床張り作業真っ最中の折、隊員は天下のNHKから取材の申し込みを受けることになる。 なんでも、都会から山村に移り住んで来た人たちを対象としているとの事で、とくに断る理由もないので了承することになった。
とても当たりの柔らかいNHKの記者さんはその後4回ほど、忙しくて生まれたばかりの子供の顔を見ることがかなわないでいるカメラマンと、ときどきドジを踏むカメラマンの弟子を従えて取材に訪れることになる。

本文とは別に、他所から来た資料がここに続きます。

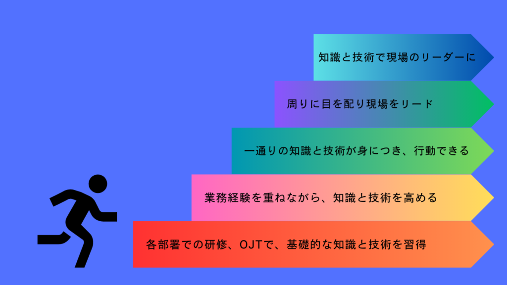 そのために、弊社では給排水衛生設備のプロフェッショナルとしての成長はもちろん、ひとりの人間として成長していくために、段階を経て成長していくキャリアプランを設けています。

村役場で隊員の存在を認知したらしく、変わり者がいるとでも思ったのだろうかわざわざ隊員のいる現場まで足を運んできたらしい。 隊員はといえば、その頃はちょうど薪ストーブの設置場所で、床から40センチほど下がった堀の部分のコンクリート打設工事の真っ最中であった。"コンクリート打設工事"と書くと立派に見えるが、当然のことながら砂利・砂・セメントを買出しにいってきて、現場で手練・手打・鏝仕上げとすべて隊員自ら体を使っての工事ということになる。 これは結構キツイ!
『こんにちは~。NHKです~。』と来たものだから、隊員はてっきり受信料徴収の件でまわってきたものと理解し、怪訝そうな表情で見遣った。 玄関先に立っていたのは、スーツ姿にネクタイを締め、あきらかに料金徴収のおじさんとは違う空気を持っていることを隊員は察知した。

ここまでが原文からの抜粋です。